In Performance Management by Evelyn Rogers and Rohan Ramesh0 Comments

In 2015 at the annual Society for Industrial and Organizational Psychology conference at Philadelphia, a sizable audience gathered for a debate made up of decorated academics and professional practitioners.  The topic for this debate: should performance ratings be eliminated?

The participants that advocated for getting rid of ratings were Alan Colquitt (Eli Lilly), Kevin Murphy (Colorado State University) and Rob Ollander-Krane (Gap, Inc.). The anti-ratings arguments included:

  • Past and current research has not developed a meaningfully effective performance rating methodology
  • Rater trainings do not truly fix the underlying issue with faulty ratings such as the raters’ political motivations and their cognitive biases
  • Performance ratings have little popularity among both managers and employees
  • There is usually weak agreement on an individual’s performance among their multiple raters
  • The purposes for ratings (such as identifying developmental needs and determining salary increases) often conflict with each other
  • At best, accurate ratings may seem harsh to an employee and subsequently decrease their motivation
  • At worst, inaccurate ratings can derail an employee’s performance

On the other side, their challengers that advocated for keeping performance ratings were Seymour Adler (Aon Hewitt), Michael Campion (Purdue University) and Amy Grubb (FBI). The pro-ratings arguments included:

  • Performance will always be evaluated – ratings just provide a visible representation of the raters’ judgement
  • Blaming performance ratings may ignore the true issue: an ineffective performance management system
  • If there is not a performance rating, evaluators will have to rely on less precise narrative data
  • Subjective performance ratings remain the best source (even if it is not preferred) of an employee’s performance – objective measures (production, absenteeism, etc.) are often incomplete by themselves
  • Research has shown that strong performers prefer organizations that recognize them through differentiated evaluation
  • Conversely, weak performers will be more likely to remain if their deficient performance is not recognized

(Adler et al., 2016)

Nearly 10 years later – the debate rages on. While many parts of the discussion remain unresolved, one part is clear: less than 30% of employees believe their performance reviews are fair and/or accurate (Wigert & Mann, 2017). As research and practice continues to shed light in this area, organizations must ask themselves: should they strive to improve their performance ratings, or should they just abandon it?


Throw the Ratings Out

“Insanity is doing the same thing over and over and expecting different results” – Albert Einstein

Those who decide to get rid of ratings believe that it is time to move towards an appraisal system that does not leave less than 30% of employees feeling inspired. One of the largest studies on performance ratings found that 62% of a rating can be due to the raters’ subjective perception, whereas only 21% of a rating can be accounted by true performance (Scullen, Mount & Goff, 2000).

Rating Inaccuracies

Managers that rate their employees will find it difficult to keep their ratings free of bias. In a perfect world, they can keep their feelings and preconceived opinions aside when trying to objectively grade their employees. However, research has shown that less than 50% of employees agree that their managers are effectively assessing their performance (Agovino, 2023). Even when it is not done consciously, managers will fall for a number of biases. These include (Campbell, 2023):

  • Halo/Horn – managers’ ratings are either extremely high or extremely low for an employee based on one or a limited number of characteristics, not what all contributes to their performance
  • Primacy/Recency – managers rate based on the first or the most recent exposure to the employee’s performance (as opposed to their performance throughout the overall timeframe)
  • Leniency/Strictness – managers give generally favorable or unfavorable ratings to most or all of their employees

Additionally, raters may consciously rate their employees with certain political motivations in mind such as (Adler et al., 2016):

  • Artificially elevating performance data
  • Maintaining or improving relationships the manager has with their employees
  • Increasing the manager’s team’s standing within the organization

Conflicting Demands

Annual performance reviews are often the only opportunity for an organization and its leadership to examine individual performances in-depth. In a world where humans are replaced by emotionless robots that are not susceptible to biases such as the ones in the section above, objective ratings may be possible no matter what the consequence is.

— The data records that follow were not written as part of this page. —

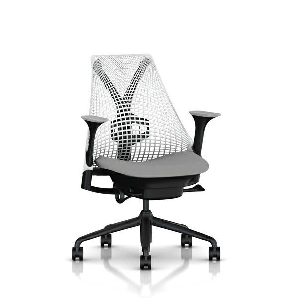 セイルチェア セイルチェア アーム:アジャスタブルアーム/サポートオプション:ランバーサポートあり/ベース&フレーム:ブラックベース、ブラックフレーム/サスペンションフィニッシュ:スタジオホワイト/アームフィニッシュ:フォグ/張地:ファブリック(メドレー:フェザーグレー)
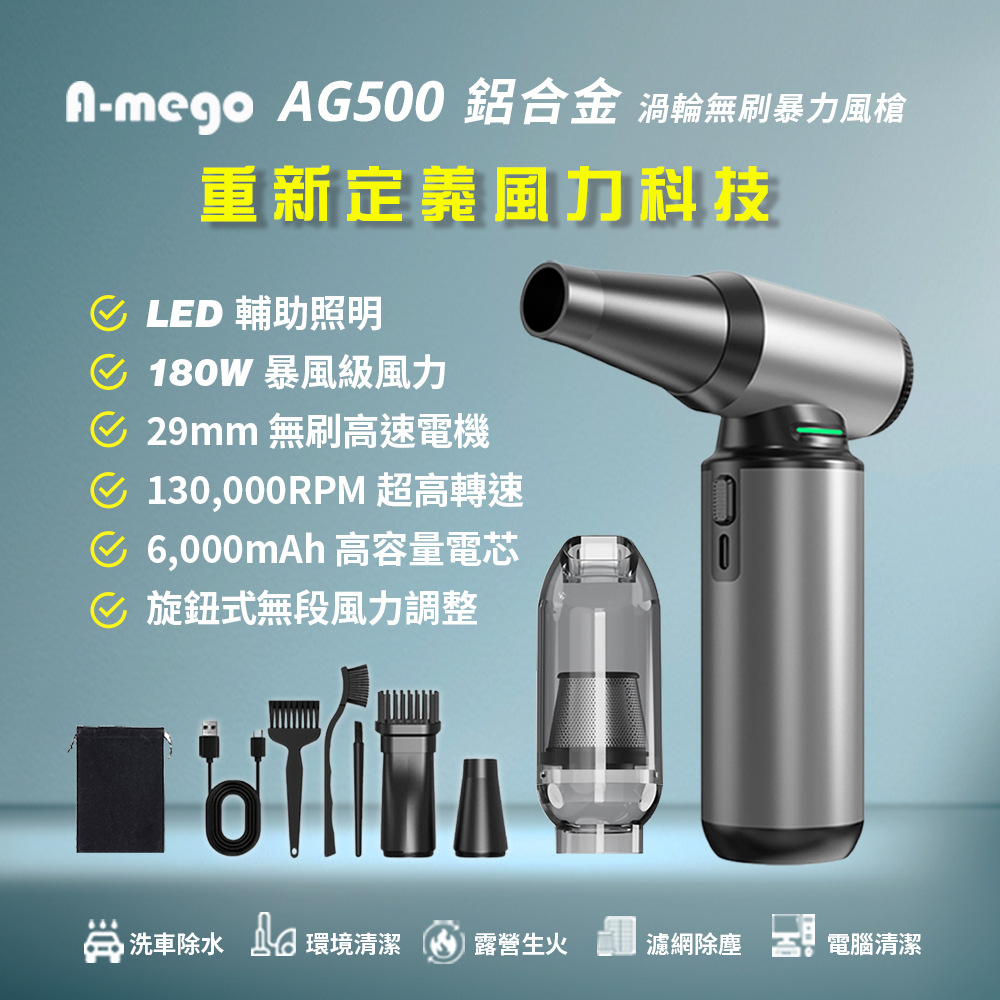 暴風等級 A-mego AG500 鋁合金無刷渦輪暴力風槍 吹塵//吹水//清潔 一機搞定
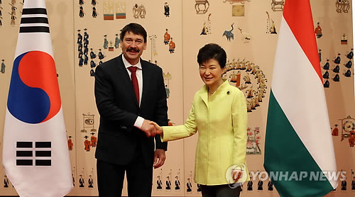 | △ 한-헝가리 정상 악수 (서울=연합뉴스) 도광환 기자 = 박근혜 대통령과 야노쉬 아데르 헝가리 대통령이 14일 오전 청와대에서 열린 정상회담에 앞서 악수하고 있다. 2015.4.14 dohh@yna.co.kr |
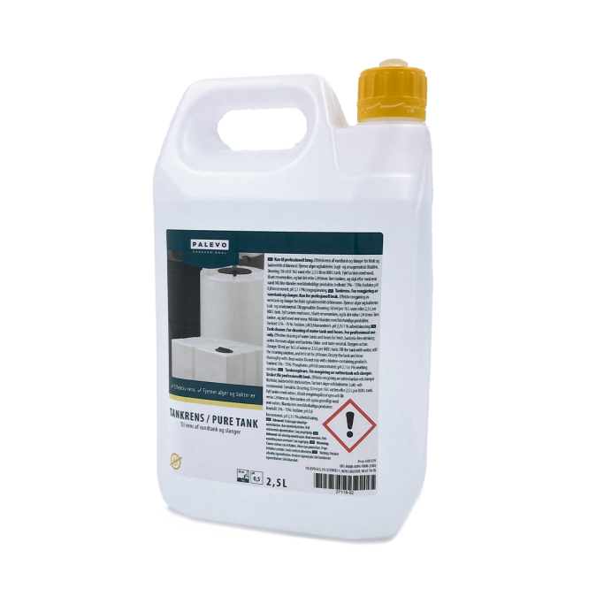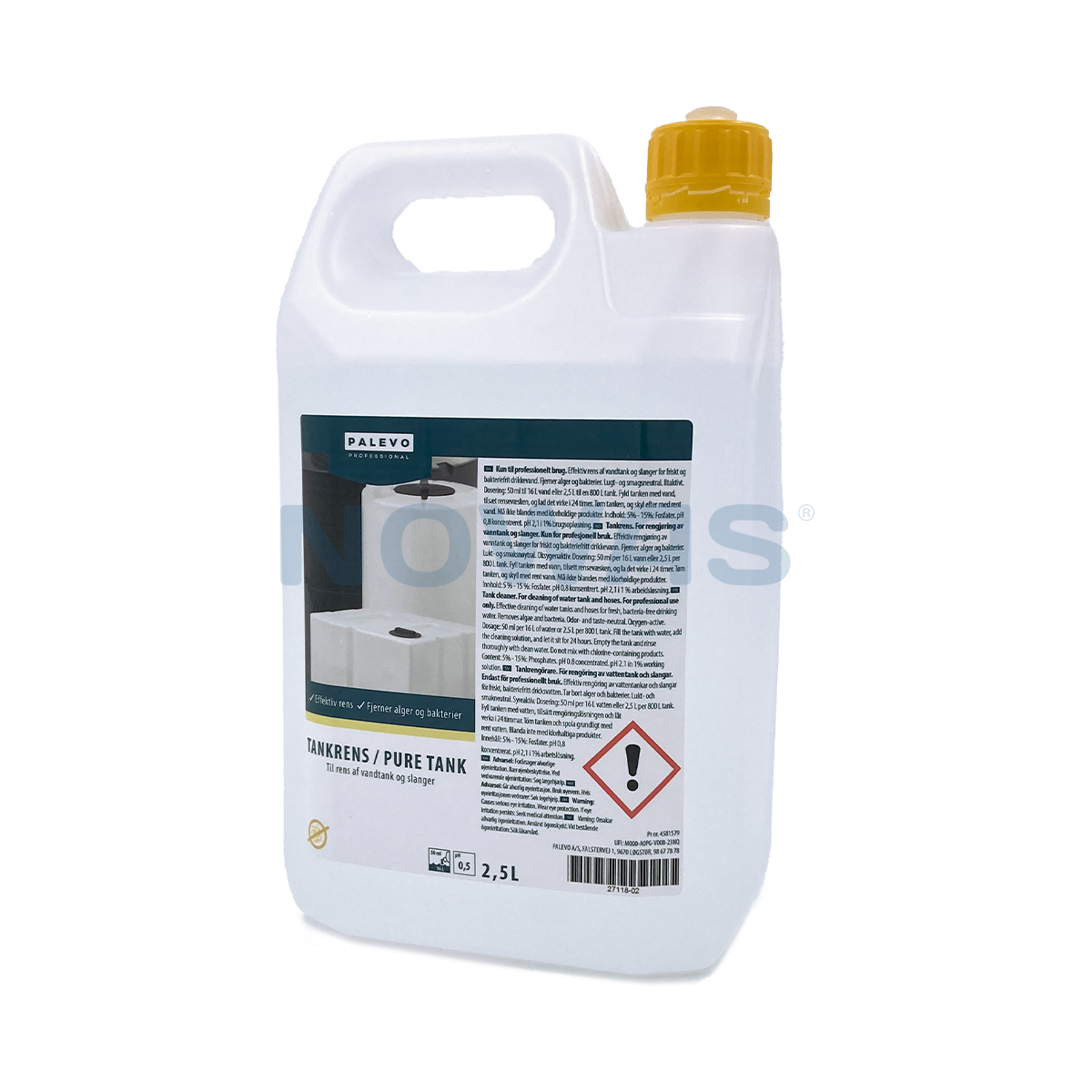 Effektiv rengjøring av vanntanker og slanger for friskt og bakteriefritt drikkevann. Fjerner alger og bakterier. Lukt- og smaksnøytral. Oksygenaktiv.
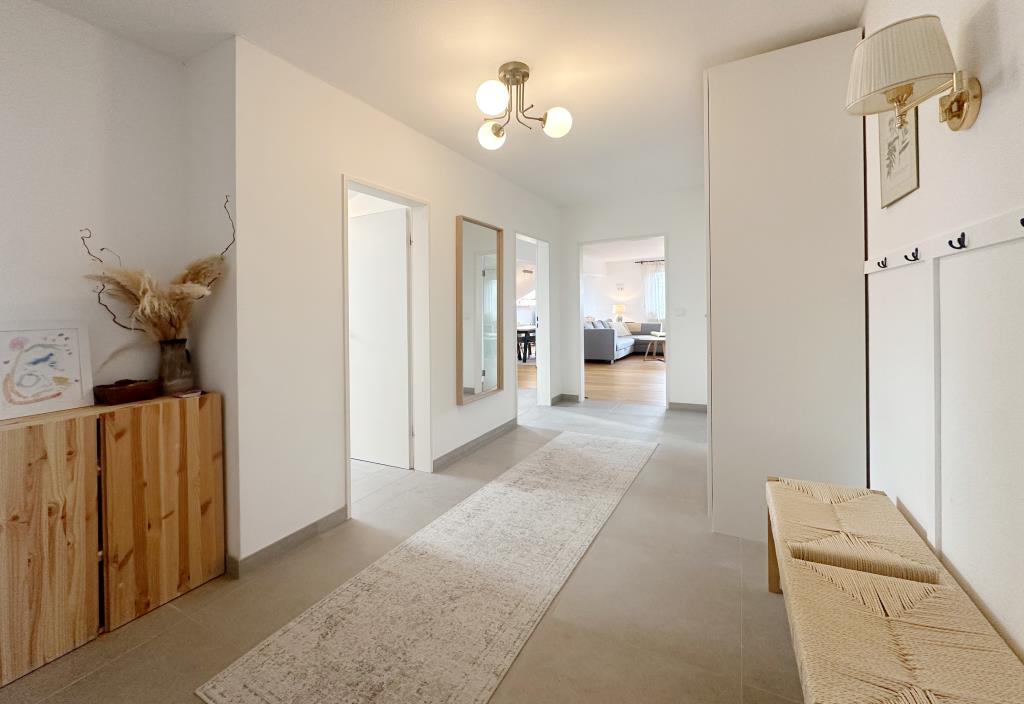 Eine großzügige Diele, 3 weitere Zimmer, ein Badezimmer mit kleinem Waschraum und ein zusätzliches Gäste-WC schaffen zusätzlichen Komfort. Dad große Schlafzimmer umfasst zudem ein maßangefertigten Kleiderschrank.

However, in this world, humans will react differently depending on what outcome they perceive will happen from something as important as a performance review. If the goal is developmental, managers may be inclined to provide honest, or even strictly lower, ratings so that they give their employees a path to improve themselves. The employees may be more willing to accept the ratings knowing that their job is safe and that the performance ratings is solely for their benefit.

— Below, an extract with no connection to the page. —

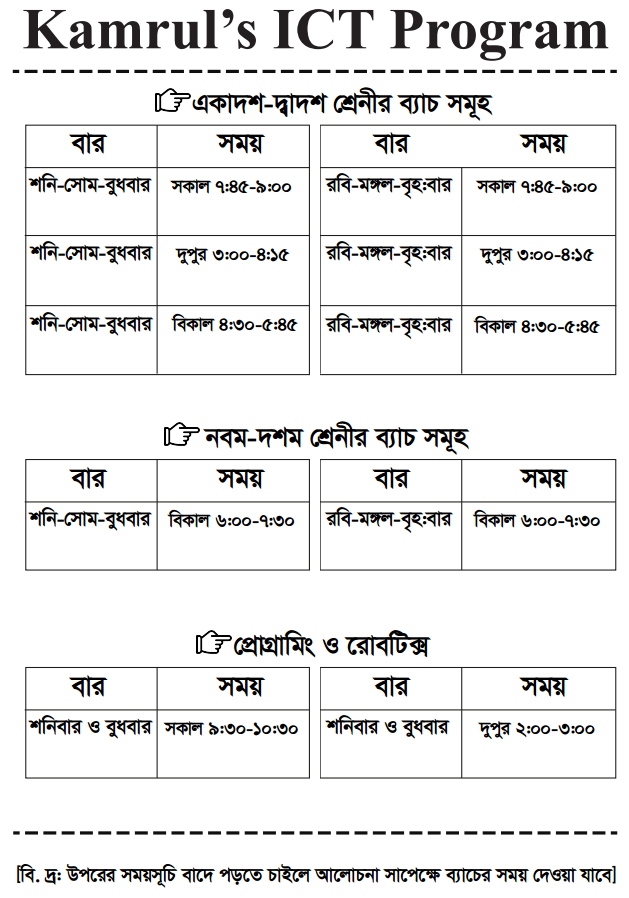 ভর্তি হতে যোগাযোগ : কামরুল স্যার (01722-590995) , অফিস (01759565834)
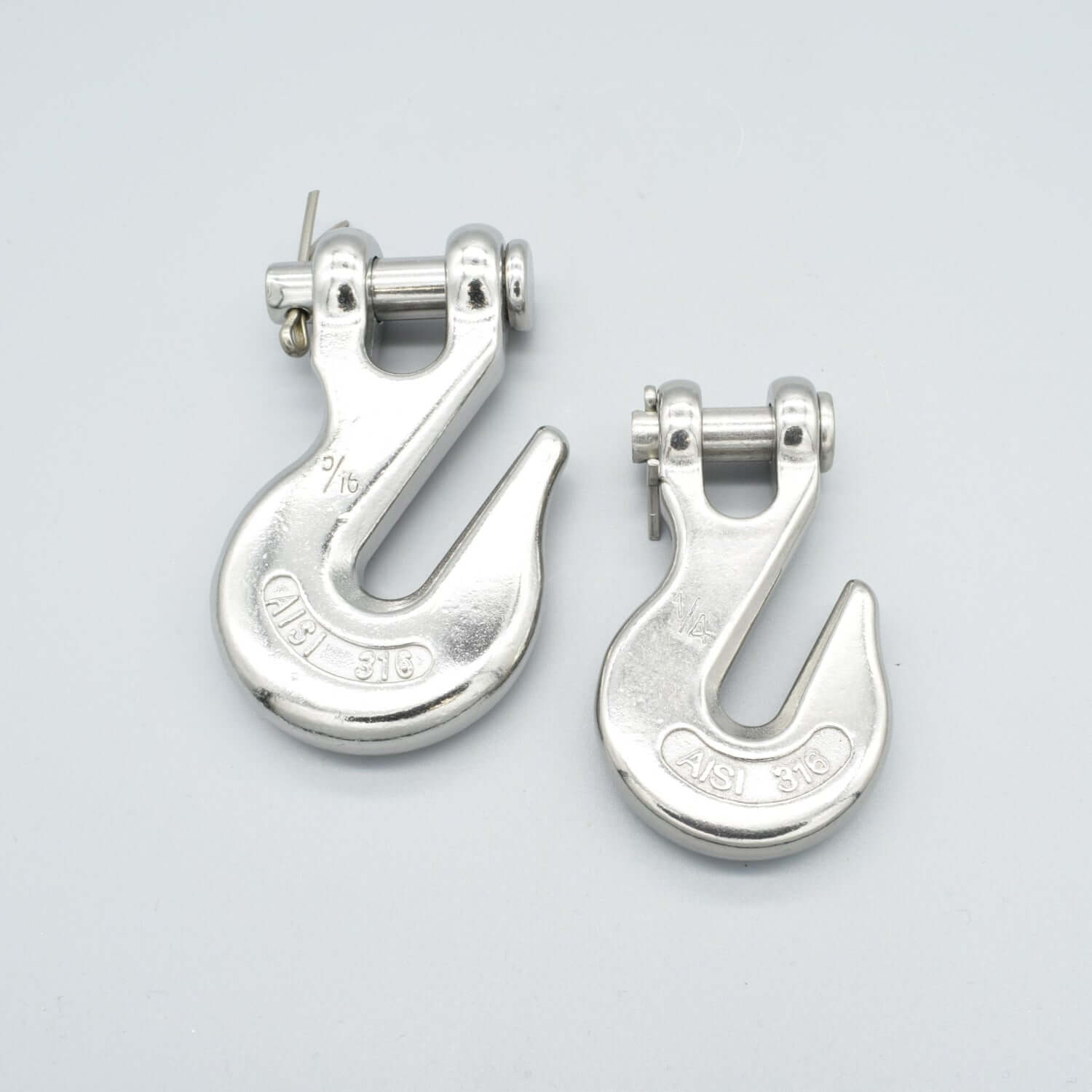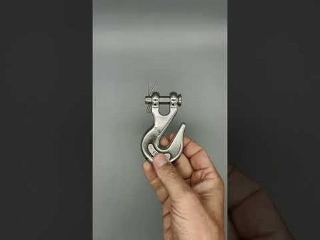 Den integrerade gaffelkopplingen (clevis) med sprint gör det enkelt att montera kroken direkt på kättingen utan extra beslag. Konstruktionen är optimerad för att greppa kättinglänkar och förhindrar glidning, vilket gör den idealisk för säker förkortning, fixering eller förankring.

If the rating ties in compensatory outcomes such as their yearly bonus, employees may be less willing to admit their faults. Conversely, leadership will want to limit their costs as much as they can so they have their own goals. If the ratings determine which employee gets a promotion, how generous will they be about their peers when given opportunities to contaminate their managers’ opinions? Having one outcome linked to the performance rating brings about a set of issues. Having multiple tied together can lead to a pandora’s box, one that no one in the organization would want to open (Croswell, 2023).

Moving Past Ratings

Use a Story, Not a Statistic

With a limiting strict rating scale, even the best well-intentioned evaluators may not get their points across. Instead, have the rater write a simple story about the ratee. Not only will this illuminate the employee’s performance in a human way, it will show the previously hidden details that led them to their judgement. The system can range from the manager being given an open-ended prompt or a few probing questions for them to answer. Whatever method is used, this solution gives employees the opportunity to see more than just a number on how their leader and organization views their performance (Bascal & Associates, 2018).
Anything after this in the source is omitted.